Since we can only add data to an append-only structure, we mark condensations with a special Condensation event. These are similar to tombstones in Apache systems like Cassandra and Kafka, and contain information about how to apply a condensation. The precise semantics are captured in the Condensation.apply method, which converts a list of LLMConvertibleEvent objects by forgetting marked events and inserting summaries.

Of course, now the agent cannot just grab all instances of LLMConvertibleEvent when communicating with the LLM. To capture "all events currently relevant to the LLM" we use the View class, which does the work of applying condensation events as they come in. Views also maintain some metadata that ensures condensers don't accidentally forget critical events or insert summaries where they shouldn't.

Triggering Condensation

Condensation is triggered in two main cases:

  1. A resource limit is reached (max_tokens or max_size) in the current view, or
  2. An explicit condensation request is made.
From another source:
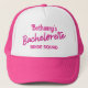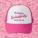 Dress the Bride Squad in matching Hot Pink Bachelorette trucker hats. Super cute for your days or nights out together celebrating your bestie. Personalized with the bride's name at the top and Bachelorette in a retro 90s script. The "Bride Squad" text can also be customized with "Team Bride" "Bride Tribe" or the Location or guest's name.

The condensation requests can be made by a user (see Conversation.condense) or by the agent. Agents will request a condensation when they detect issues with the context window. These issues vary by model and provider -- we do our best to capture as many cases as possible in is_context_window_exceeded.

Handling Failure

Condensation is not always possible. The LLM expects a certain structure to the messages (see the view properties and the API compliance tests), and sometimes the default condensation strategy will necessarily violate that structure.
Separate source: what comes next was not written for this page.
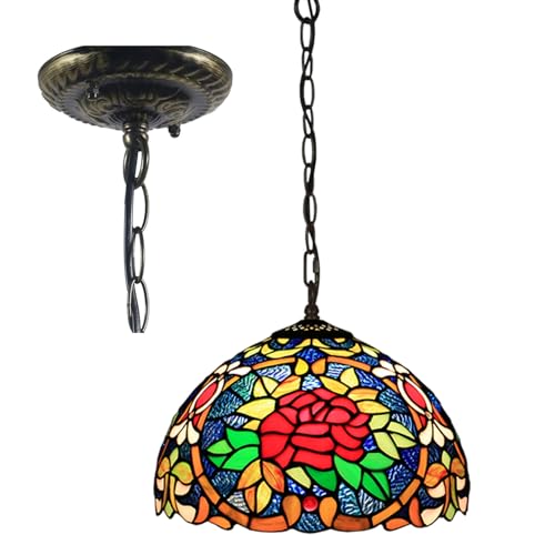XANAYXWJ Pendant Light Fixture Rose Dragonfly Sunflower Stained Glass Lamp Shades Hanging Pendant Lamp Vintage Yellow Red Sea Blue Green Flower Home Decor Chandelier Wide 12",Rose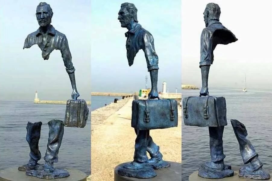 И уникально в этих фигурах то, что несмотря на отсутствие значительных фрагментов фигуры, вся конструкция сохраняла свое равновесие и устойчивость. Лица этих путешественников – это не вымышленные персонажи, а хорошо узнаваемые лица известных людей – художников, начиная с Винсента Ван Гога, с густой бородой и изможденными чертами. Все эти фигуры глубоко аллегоричны, это такие мигранты, без страны, без цели, навсегда вырванные с корнем с родных мест.

When that happens, the condenser has to determine if condensation is needed right now or if we're just trying to maintain our upper bound on the size of the context. In the latter situation the condenser just returns the view uncondensed. Since the resource limit condensation trigger is still satisfied, the condenser will just try again the next time the agent takes a step. These condensation triggers are "soft".
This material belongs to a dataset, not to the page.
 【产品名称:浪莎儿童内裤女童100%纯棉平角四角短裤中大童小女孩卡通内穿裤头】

If condensation is explicitly requested, the conversation is often in a state that cannot proceed without condensation (e.g., context window exceptions). Skipping and trying on the next step is not an option: there won't be a next step. These are "hard" condensation triggers, and when our balanced condensation isn't an option we forget-and-summarize the entire view in a hard context reset (see LLMSummarizingCondenser.hard_context_reset for an implementation).